Some Suggestions for Professors Everywhere
Following is a list that should serve as a useful reminder for those teaching courses in higher education.
- Check your ego at the door. Earning an advanced degree and securing part- or full-time employment in Academia are respectable accomplishments, but your focus should be on teaching, not on questing after minor celebrity status. Unwarranted self-importance sends a deluded message.
- Protect academic freedom. Plato invented the Academy as a community of thinkers inspired by unfettered intellectual exploration. It’s your job to protect this invention. When you do, you stimulate advanced neurocognitive activity that engenders sophisticated problem-solving skills, creative inspiration, enhanced social awareness, and a vital understanding of the historical trends that continue to shape human culture. Failing to protect academic freedom spells the end of democracy.
- Respect your students. Some of them did multiple tours in Iraq and Afghanistan and will be living with traumatic brain injury and post-traumatic stress disorder for the rest of their lives. Others have just been evicted from their homes and are only one more bad break away from living on the streets. Some are living on the streets. A few older non-traditional students are the first in their families to attempt college, and they’re terrified of you. The list is endless. At the very least, always be clear and fair with everyone in the classroom.
- Focus on smart pedagogical strategies, not transient administrative distractions and apple polishing. This means carefully evaluating the efficacy of tasks you might assume outside of teaching while examining your motives. Don’t do anything that hints of futility or craven self-interest. Life is too short for that. Moreover, if you’re not really interested in teaching anymore or think you have more to offer in administration, then at least do your job well in the classroom, and the right people will probably notice.
- Be creative in what you teach, but always do so with an eye to ensuring that your lectures and assignments speak clearly and sensibly to the course outcomes. Students should know what to expect in the class from Day 1. Readings and lectures should be coherently related to graded assignments. Grades should always be posted in a timely manner. If you fail to manage these tasks, then you’re not doing your job properly.
- Admit when you’re wrong, especially to your students, and make corrections as necessary. This process represents one of the first signs of intelligence. It demonstrates intellectual integrity and ensures accurate information sharing. Alternative behavior breeds confusion, distrust, and dishonesty.
- Avoid all forms of gossip and character assassination within the ranks. Commit yourself to never saying anything behind people’s backs that you wouldn’t be willing to say to their faces. Honorable behavior inspires a culture of integrity. This is something for which the Academy should be known.

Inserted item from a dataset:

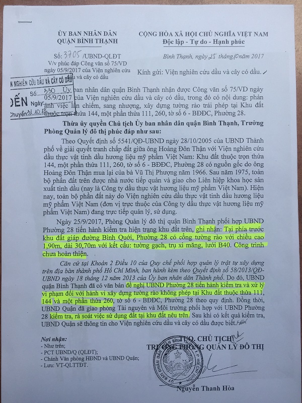 Ngay khi xảy ra tình trạng có một số hộ dân lấn, chiếm đất, mua bán, sang nhượng trái phép tại số 1032 (nay là số 498) Xô Viết Nghệ Tĩnh, phường 28, quận Bình Thạnh, do Viện NCD&CCD đang quản lý, ngày 5/9/2017, Viện đã có văn bản số 75/VD gửi UBND quận Bình Thạnh, có nội dung: Viện NCD&CCD thuộc Bộ Công thương, được UBND TP.Hồ Chí Minh giao và quản lý khu đất 4,9 ha để trồng dừa thực nghiệm tại 498 (1032B) Xô Viết Nghệ Tĩnh, phường 28, quận Bình thạnh, TP.HCM theo Thông báo số 70/TB-UB ngày 29/5/1991. Trước đây, ngày 20/5/2009, Viện đã có đơn đề nghị UBND phường 28, quận Bình Thạnh xác nhận địa chỉ và diện tích bị lấn chiếm tại các thửa 111, 260, 291, 144,40, 298, 290 theo bản đồ số 131/TTĐK-KT ngày 20/5/2005 của Sở Tài nguyên và Môi trường (TNMT) thành phố. Tuy nhiên, tình hình vi phạm đất đai tại đây có lắng dịu nhưng sau đó lại tái diễn ngày càng nghiêm trọng. Cụ thể là ngày 3/9/2017, lợi dụng ngày nghỉ lễ Quốc khánh 2/9, một số hộ dân đã tập kết vật tư, xây tường rào gạch kiên cố trái phép mặt tiền đường tại khu đất số 498 Xô Viết Nghệ Tĩnh, phường 28, quận Bình Thạnh. Nhận thấy việc các hộ dân ngang nhiên lấn chiếm đất đai và xây dựng trái phép, là hành vi rất nghiêm trọng, làm ảnh hưởng đến việc quản lý và khai thác khu đất của Viện NCD&CCD theo Thông báo số 70/TB-UB ngày 29/5/1991 của UBND TP.HCM. Sau khi vụ việc xảy ra, Viện NCD&CCD đã cử cán bộ đến làm việc với Thường trực UBND phường 28 quận Bình Thạnh, đề nghị chính quyền địa phương có biện pháp xử lý, ngăn chặn không để tình hình lấn chiếm, xây dựng trái phép trên khu đất Viện đang quản lý. Đại diện UBND phường đã ghi nhận sự việc, báo cáo lãnh đạo phường đồng thời sẽ trình bày nội dung vụ việc vào cuộc họp giao ban ngày 5/9/2017. Sau khi tiếp nhận đơn của Viện NCD&CCD, Phòng Quản lý đô thị quận Bình Thạnh phối hợp UBND phường 28 kiểm tra hiện trạng khu đất trên, ghi nhận: Tại phía trước khu đất giáp đường Bình Qưới, phường 28 có cổng tường rào với chiều cao 1,90m, dài 30,70m, với kết cấu tường gạch, trụ xi măng, lưới B40. Căn cứ Quy chế phối hợp quản lý trật tự xây dựng trên địa bàn TP.HCM, UBND quận Bình Thạnh đã đề nghị UBND phường 28 tiến hành kiểm tra và xử lý vi phạm đối với hành vi xây dựng tường rào không phép tại khu đất thuộc thửa 111, 144 và một phần thửa 260, tờ số 6-BĐĐC phường 28 theo quy định. UBND quận giao Phòng TNMT phối hợp với UBND phường 28 kiểm tra, rà soát việc sử dụng đất tại khu vực trên. Sau khi có kết quả kiểm tra, UBND quận sẽ thông tin cho Viện NCD&CCD được biết. Từ đó đến nay đã hơn 1 năm nhưng vẫn chưa nhận được hồi âm từ UBND phường 28 và UBND quận Bình Thạnh.

- Acknowledge others for worthwhile accomplishments. Doing so will make you feel better about yourself, and your department will run more efficiently as a result of positive reinforcement. Like everyone else, students notice things like this, too. Many want to be able to respect your judgment because they see you as a personification of the institution to which they’ve devoted a great deal of time and money. In a way, you are an extension of their inextinguishable desire to forge a more appealing identity.
- Don’t let late-semester exhaustion and frustration turn you into a histrionic fatalist. Realize that your students are tired, too, and no one is performing at peak efficiency. At times like this, things seem worse than they really are. Just remember that everything will probably turn out fine.
- Don’t be a grading bully. Maintaining high standards is essential, but this just means challenging students intellectually and then evaluating their performance based on how closely they meet course outcomes. Along similar lines, don’t use attendance issues as a weapon to punish students. Your assignments, not your attendance policy, should be the real challenge.